The silent subject
There is a dark undercurrent to expat life that rarely, if ever, gets talked about. I think it’s time to bring it gently into the open because by discussing it people will be more realistically prepared and others can work towards helping out those expats and TCKs who find their life hard to deal with.
Following publication of the heart-rending post about an expat child who is experiencing some serious problems I was inundated with amazing advice and offers of assistance to pass on to the mother. Other kind and caring people simply offered sympathy and a virtual hand-hold. While some of these offers were posted as comments on the published article many more were sent directly and privately to me.
It’s clear that this is not an isolated case of a TCK (Third Culture Kid) self-harming or suffering other mental turmoil. And it is also clear that many people are reluctant to comment publicly on the subject, which is completely understandable when it comes to such a serious and personal subject such as this.
From the bottom of my heart I thank those people who did comment publicly on the post and I thank too, the many people who sent their comments and offers of help privately. All messages and offers of help have been passed on to the anonymous writer.
I’d like to draw your attention to some words on the subject of self-harm from the public comments on the original post as they provide insight and advice I feel should be read in an article.
Thank you, thank you, thank you for writing this. I was an expat child as well and it caused nothing but problems for me. But no one in the expat world ever talks about these things. All anyone wants to talk about is how good it is for children, and it makes people like me feel even more alone. Resiliency is a myth. (…) I got a lot better once my life became more stable so maybe this will be the case for her as well once she’s in your home country for longer.
On the outside, I was doing very well — I was accomplished in music, doing well in school, and multilingual. On the inside, the inner turmoil was terrible and I considered suicide often — the bullying at my school had progressed to people throwing pencils at me and calling me names in the library. (…) I came home crying every single day. There were days when things would begin looking up only to crumble again. In the end, the situation only became better when I left for college and I was able to find people like me – who had traveled and had been exposed to many different cultures and ideas.

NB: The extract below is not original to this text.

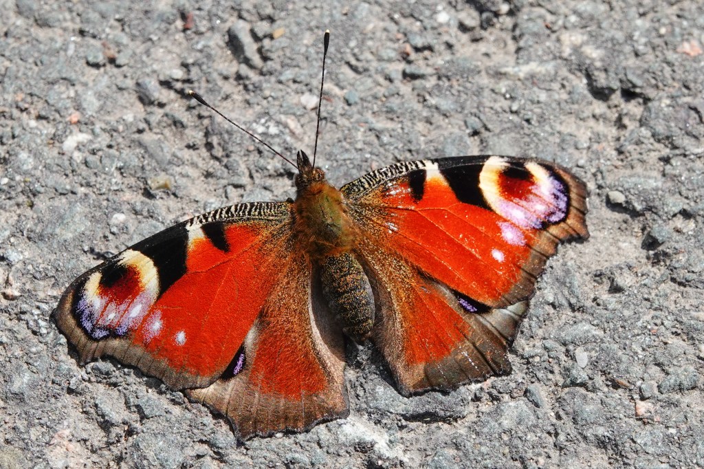 Op de terugweg naar huis zat een mooie dagpauwoog op het wegdek onverstoorbaar van de zon te genieten.

More and more international parents are telling me stories about their teen children and self-harm (most cases it is daughters). Your courage to speak out will help them feel less isolated – thank you.

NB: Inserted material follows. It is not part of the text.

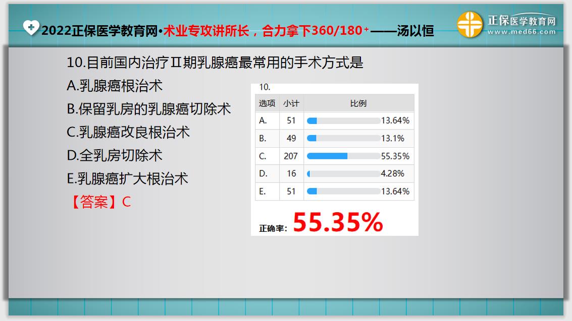 2022临床执业医师入学测评正确率55.35%(乳腺癌术式简化记忆)如下,参加2022年临床执业医师考试的同学,快来看看自己是否可以答对这道题吧!详情如下:

Please know, from someone who also self harmed at the same age but whose mother rejected her, that the fact she came and told you about it is a HUGE plus as is the fact that you care so deeply about it. I think together you’ll work it out, the only piece of adviceI would give you is never appear to judge her for it. Extra judgement/blame/resentment on top of what she’s piling on herself might only drive her to withdraw. I’m not saying don’t be honest with her (an ultimatum from my husband finally stopped me from self-harming) just don’t project your reactions onto her.
I self-harmed as a tween and teenager, and through counselling, meditation, and a process of maturing, I grew away from this tendency. (…) Today, I am adaptable, resilient, entrepreneurial, and compassionate toward others. I do not look back and wish that things had been different, because the path of overcoming them has given me qualities I might have otherwise not developed. And I luckily don’t worry my mother in the same way I used to!
If you, or anyone connected to you, are affected by this please do talk to someone.